= What the task asks =
Repeat every record exactly, but keep images out of the copy.

= Records provided =
—————

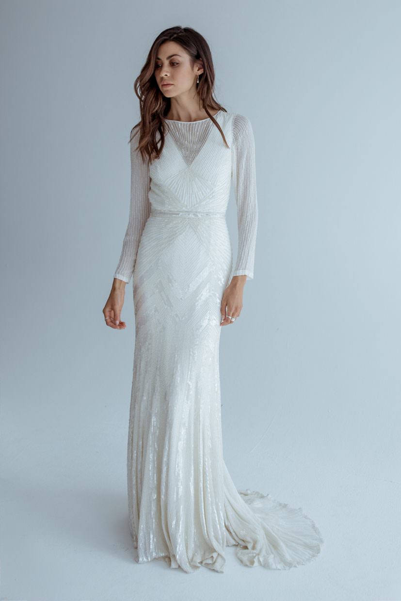 Make a statement in head to toe sequins with the Cassie gown. Featuring long beaded sleeves and a sheer high neck that delicately ties into a bow at the back neck, exposing a low cut out back.
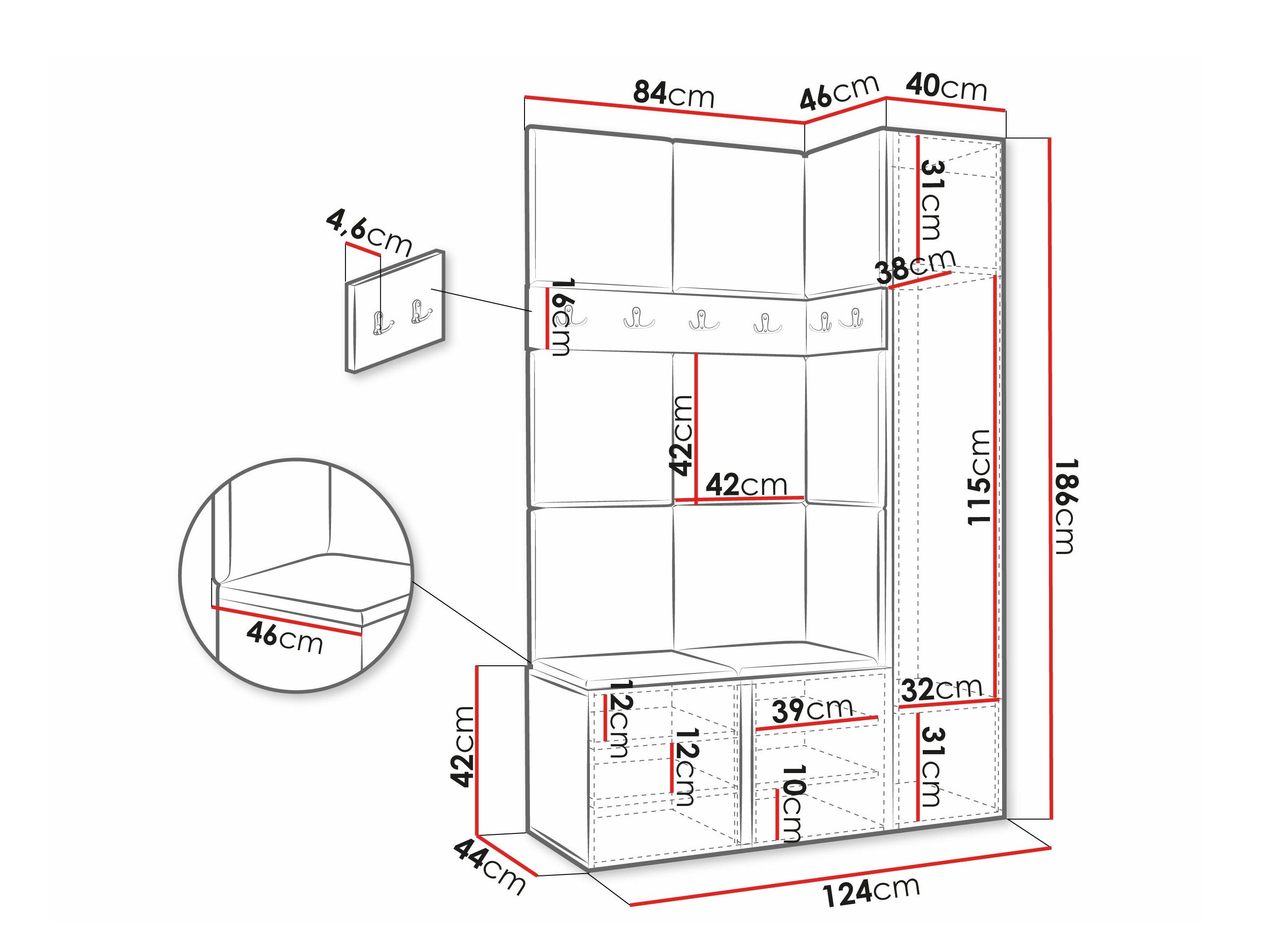 Dimensions du portemanteau:
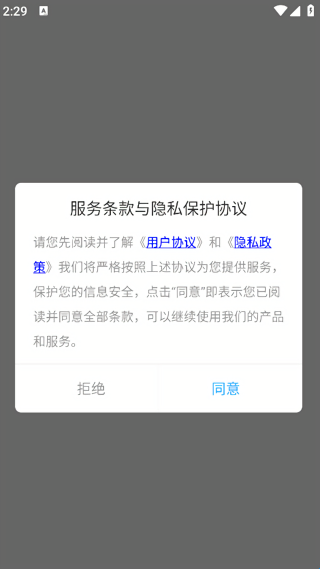 1、下载并安装APP,点击‘同意’,即可进入主页面;
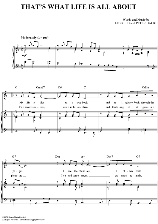 Digital Sheet Music for That's What Life Is All About by Bing Crosby, Les Reed, Peter Dacre scored for Piano/Vocal/Chords; id:446928
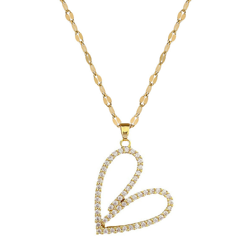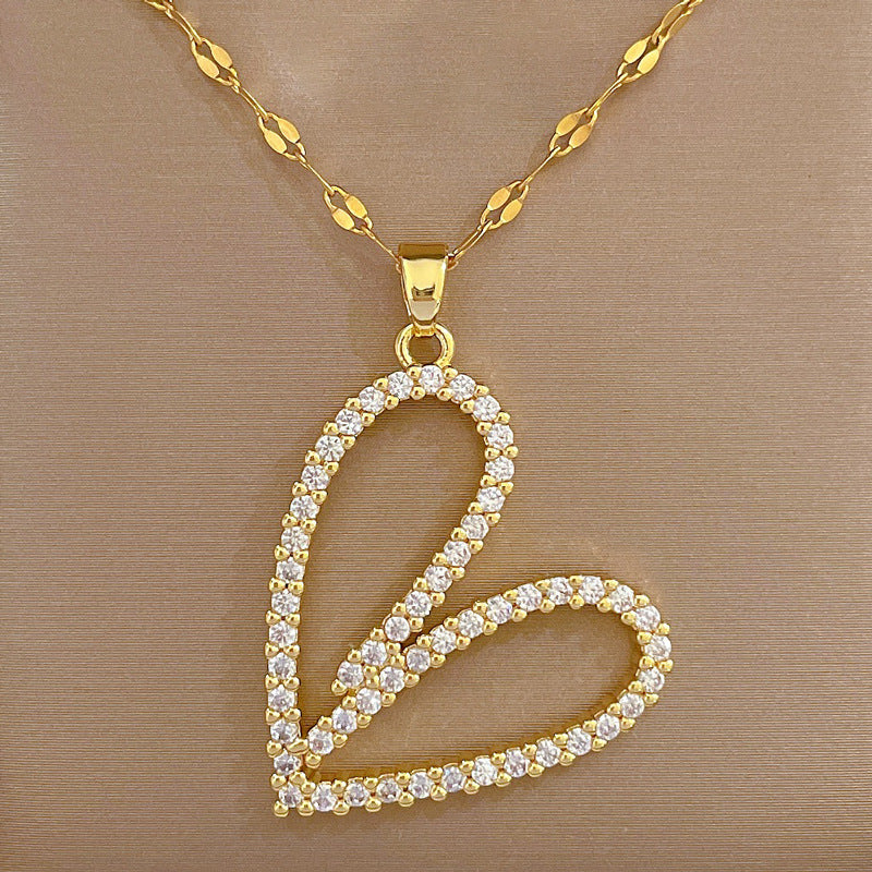 Fashion Heart Shape Stainless Steel Copper Inlay Rhinestones Pendant Necklace
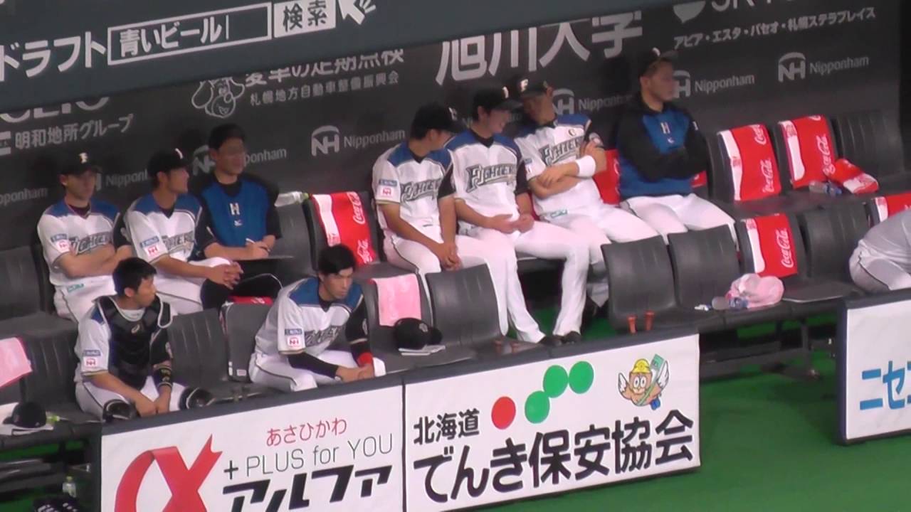 大野奨太さんと飯山さんに絡まれる松本剛君@札幌ドーム 2016.07.09
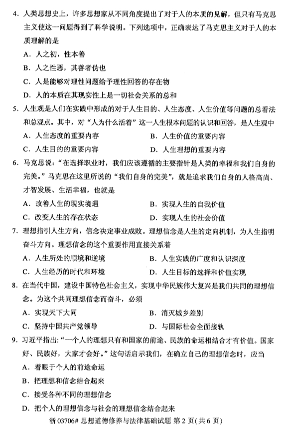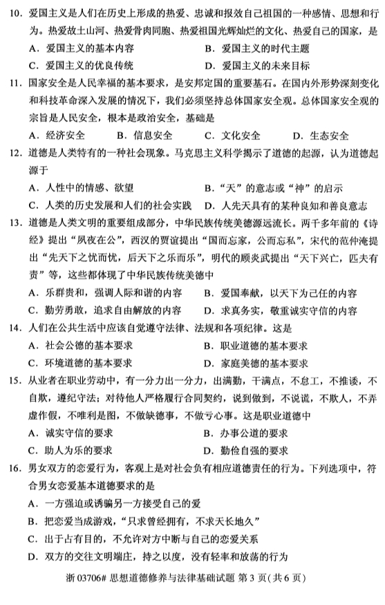 全国2019年10月自考03706思想道德修养与法律基础试题

—————

= Reply =
 Make a statement in head to toe sequins with the Cassie gown. Featuring long beaded sleeves and a sheer high neck that delicately ties into a bow at the back neck, exposing a low cut out back.
 Dimensions du portemanteau:
 1、下载并安装APP,点击‘同意’,即可进入主页面;
 Digital Sheet Music for That's What Life Is All About by Bing Crosby, Les Reed, Peter Dacre scored for Piano/Vocal/Chords; id:446928
 Fashion Heart Shape Stainless Steel Copper Inlay Rhinestones Pendant Necklace
 大野奨太さんと飯山さんに絡まれる松本剛君@札幌ドーム 2016.07.09
 全国2019年10月自考03706思想道德修养与法律基础试题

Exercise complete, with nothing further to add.